|
[Date Prev][Date Next][Thread Prev][Thread Next][Date Index][Thread Index] Re: Block protocol incompatibilities with 4K logical sector size disks
On Thu, Aug 29, 2024 at 05:42:45PM +0200, Roger Pau Monné wrote:
> On Thu, Aug 29, 2024 at 01:15:42PM +0000, Anthony PERARD wrote:
> > On Thu, Aug 29, 2024 at 12:59:43PM +0200, Roger Pau Monné wrote:
> > > The following table attempts to summarize in which units the following
> > > fields
> > > are defined for the analyzed implementations (please correct me if I got
> > > some
> > > of this wrong):
> > >
> > > │ sectors xenbus node │ requests sector_number │
> > > requests {first,last}_sect
> > > ────────────────────────┼─────────────────────┼────────────────────────┼───────────────────────────
> > > FreeBSD blk{front,back} │ sector-size │ sector-size │
> > > 512
> > > ────────────────────────┼─────────────────────┼────────────────────────┼───────────────────────────
> > > Linux blk{front,back} │ 512 │ 512 │
> > > 512
> > > ────────────────────────┼─────────────────────┼────────────────────────┼───────────────────────────
> > > QEMU blkback │ sector-size │ sector-size │
> > > sector-size
> > > ────────────────────────┼─────────────────────┼────────────────────────┼───────────────────────────
> > > Windows blkfront │ sector-size │ sector-size │
> > > sector-size
> > > ────────────────────────┼─────────────────────┼────────────────────────┼───────────────────────────
> > > MiniOS │ sector-size │ 512 │
> > > 512
> > > ────────────────────────┼─────────────────────┼────────────────────────┼───────────────────────────
> > > tapdisk blkback │ 512 │ sector-size │
> > > 512
Tapdisk situation seems more like:
tapdisk blkback │ ?????????? │ ??????????? │
?????
I've looks at the implementation at xapi-project/blktat[1] and the way
sector_number or {first,last}_sect seems to be used varied on which
backend is used (block-vhd, block-nbd, block-aio).
[1] https://github.com/xapi-project/blktap
block-vhd seems mostly sectors of 512 but recalculated with "s->spb"
(sector per block?) but still, sector seems to be only 512.
block-nbd seems to set "sector-size" to always 512, but uses
"sector-size" for sector_number and {first,last}_sect.
The weirdest one is block-aio, where on read it multiply sector_number
and {first,last}_sect by 512, but on write, those are multiplied by
"sector-size". With "sector-size" set by ioctl(BLKSSZGET)
At least, is seems "sectors" is a multiple of 512 on all those, like in
the table, but I've only look at those 3 "drivers".
> > There's OVMF as well, which copied MiniOS's implementation, and looks
> > like it's still the same as MiniOS for the table above:
> >
> > OVMF (base on MiniOS) │ sector-size │ 512 │
> > 512
> >
> > >
> > > It's all a mess, I'm surprised we didn't get more reports about
> > > brokenness when
> > > using disks with 4K logical sectors.
> > >
> > > Overall I think the in-kernel backends are more difficult to update (as it
> > > might require a kernel rebuild), compared to QEMU or blktap.
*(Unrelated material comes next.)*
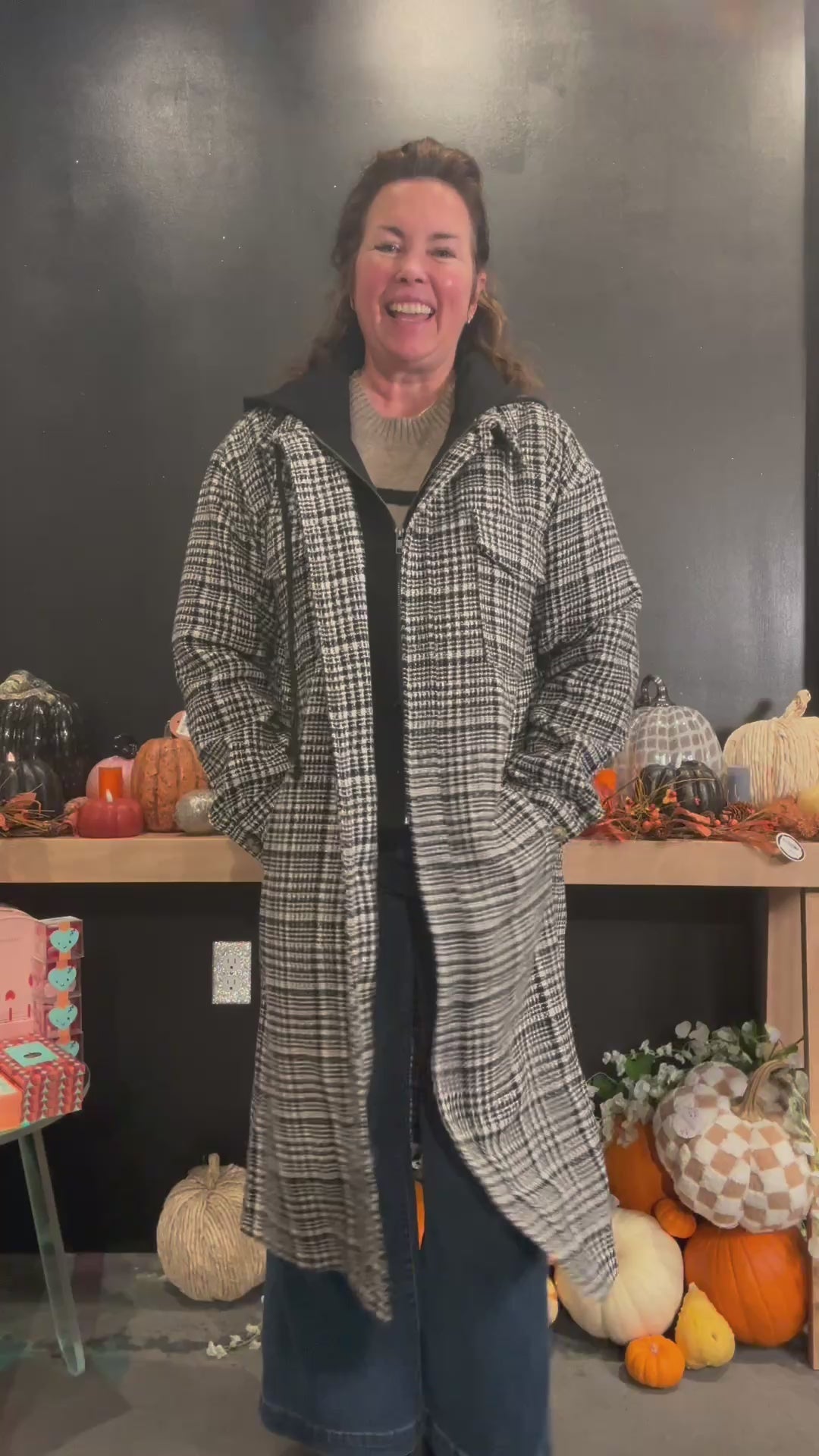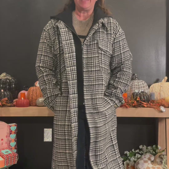 Stay cozy and stylish with the Twofer Hoodie Jacket in Black. This playful piece zips up and buttons down for versatile wear, featuring an attached hoodie layer for extra warmth. Knee-length design adds flair and comfort, while bust and side pockets keep your essentials close with a fun twist. Perfect for layering on any adventure!

Hence my
> > > slight
> > > preference would be to adjust the public interface to match the behavior
> > > of
> > > Linux blkback, and then adjust the implementation in the rest of the
> > > backends
> > > and frontends.
> >
> > I would add that making "sector-size" been different from 512 illegal
> > makes going forward easier, has every implementation will work with a
> > "sector-size" of 512, and it probably going to be the most common sector
> > size for a while longer.
>
> My main concern is the amount of backends out there that already
> expose a "sector-size" different than 512. I fear any changes here
> will take time to propagate to in-kernel backends, and hence my
> approach was to avoid modifying Linux blkback, because (as seen in the
> FreeBSD bug report) there are already instances of 4K logical sector
> disks being used by users. Modifying the frontends is likely easier,
> as that's under the owner of the VM control.
>
> > > There was an attempt in 2019 to introduce a new frontend feature flag to
> > > signal
> > > whether the frontend supported `sector-size` xenstore nodes different
> > > than 512 [0].
> > > However that was only ever implemented for QEMU blkback and Windows
> > > blkfront,
> > > all the other backends will expose `sector-size` different than 512
> > > without
> > > checking if `feature-large-sector-size` is exposed by the frontend. I'm
> > > afraid
> > > it's now too late to retrofit that feature into existing backends, seeing
> > > as
> > > they already expose `sector-size` nodes greater than 512 without checking
> > > if
> > > `feature-large-sector-size` is reported by the frontend.
> >
> > Much before that, "physical-sector-size" was introduced (2013):
> >
> > https://xenbits.xen.org/gitweb/?p=xen.git;a=commit;h=a67e2dac9f8339681b30b0f89274a64e691ea139
> >
> > Linux seems to implement it, but QEMU or OVMF don't have it.
>
> Yeah, I was aware of this, normal disks already have a physical sector
> size (optimal sector size) and a logical sector size (minimal size
> supported by the drive). Some implement a smaller logical than
> physical sector size by doing read-modify-write.
>
> > > My proposal would be to adjust the public interface with:
> > >
> > > * Disk size is calculated as: `sectors` * 512 (`sectors` being the
> > > contents of
> > > such xenstore backend node).
> > >
> > > * All the sector related fields in blkif ring requests use a 512b base
> > > sector
> > > size, regardless of the value in the `sector-size` xenstore node.
> > >
> > > * The `sector-size` contains the disk logical sector size. The frontend
> > > must
> > > ensure that all request segments addresses are aligned and it's length
> > > is
> > > a multiple of such size. Otherwise the backend will refuse to process
> > > the
> > > request.
> >
> > You still want to try to have a "sector-size" different from 512? To me
> > this just add confusion to the confusion. There would be no way fro
> > backend or frontend to know if setting something other than 512 is going
> > to work.
>
> But that's already the case, most (all?) backends except QEMU will set
> "sector-size" to the underlying block storage logical sector size
QEMU, only if feature-large-sector-size is set, indeed, otherwise it
just return an error if it have to set "sector-size" to a value
different from 512.
Otherwise, yes for Linux, FreeBSD, and maybe yes for blktap. For blktap
it seems to depend of the storage, more or less:
- block-vhd: always "sector-size" = 512
- block-nbd: always "sector-size" = 512
- block-aio: physical storage sector size
> without any way to tell if the frontend supports sector-sizes != 512.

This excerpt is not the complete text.